A trio of decisions this summer from the Supreme Court makes it crystal clear: the judicial system offers nothing to workers or consumers and exists to only protect corporations.
Slate tracks the cases in this article, noting:
"Slowly but surely, the Supreme Court is giving corporate America a handbook on how to engage in misconduct. ... When you obliterate the very possibility of civil litigation, you are, by definition, helping big business screw over the little guy. But when you teach big business precisely how to screw over the little guy, and how to do it faster, cheaper, and without detection … well, that's not even an illusion of justice anymore. It's enabling."

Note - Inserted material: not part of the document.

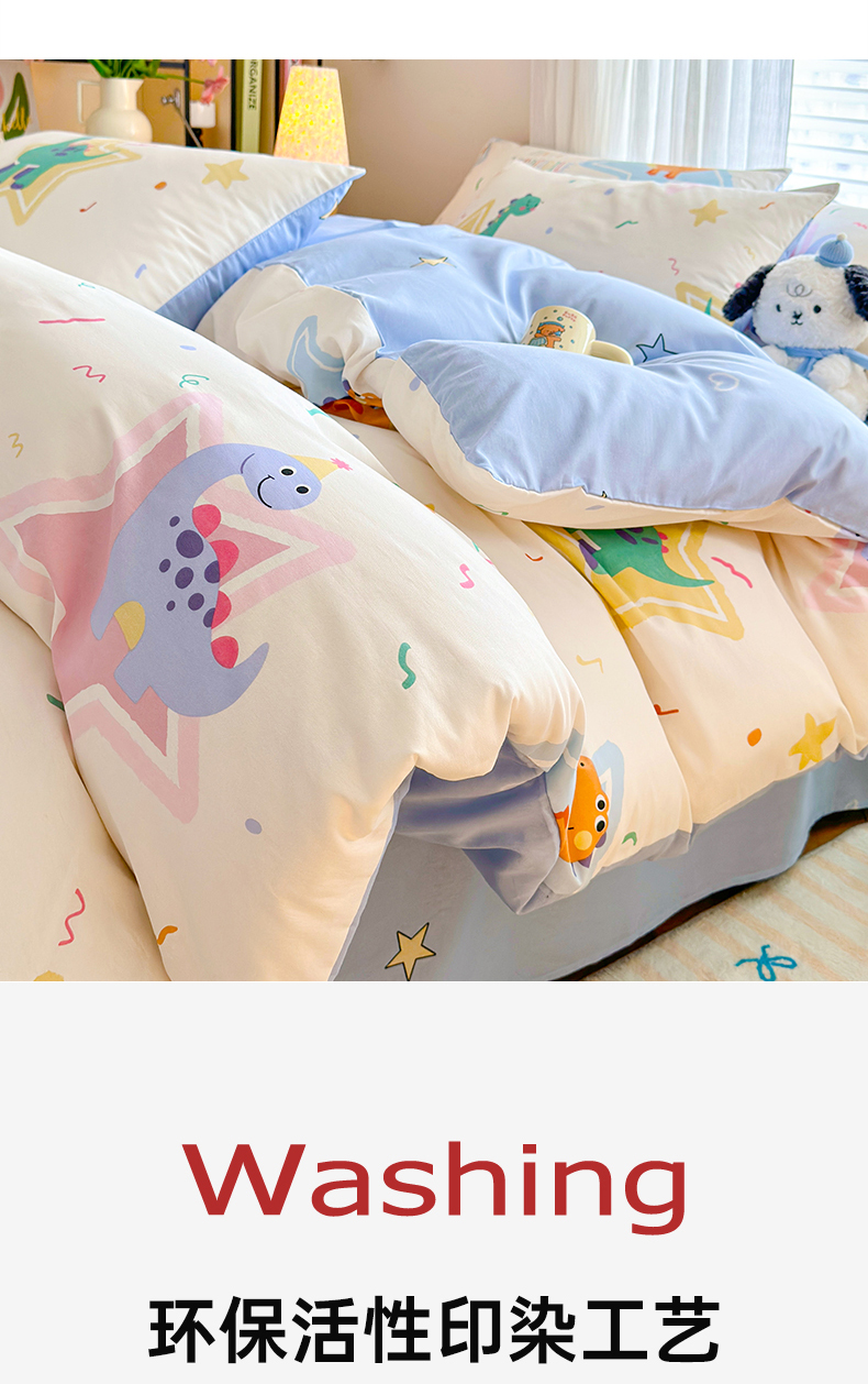 名兮家居 2025新款12868全棉纯棉四件套 星星恐龙

The Court backed the rights of a company - any company - to bypass all due process in favor of arbitration (usually held in secret, in a forum where a company's arbitrator has total control). A worker or consumer must sign agreements offered by a company which holds that a worker or consumer has no legal rights to challenge a company. Ever.
The Court backed the bizarre claim that a company can set up a subsidiary PR firm yet never, ever can the parent company be held accountable for any false or illegal claim their PR firms make.
The Court also ruled that if a corporation insures that if decisions to discriminate are spread widely enough, employees have no rights to file class action suits.
In other words, shut up and be happy for whatever a corporation offers you. Their rights trump yours.
Meanwhile, a growing legal challenge is being made to totally reverse the "corporate personhood" status.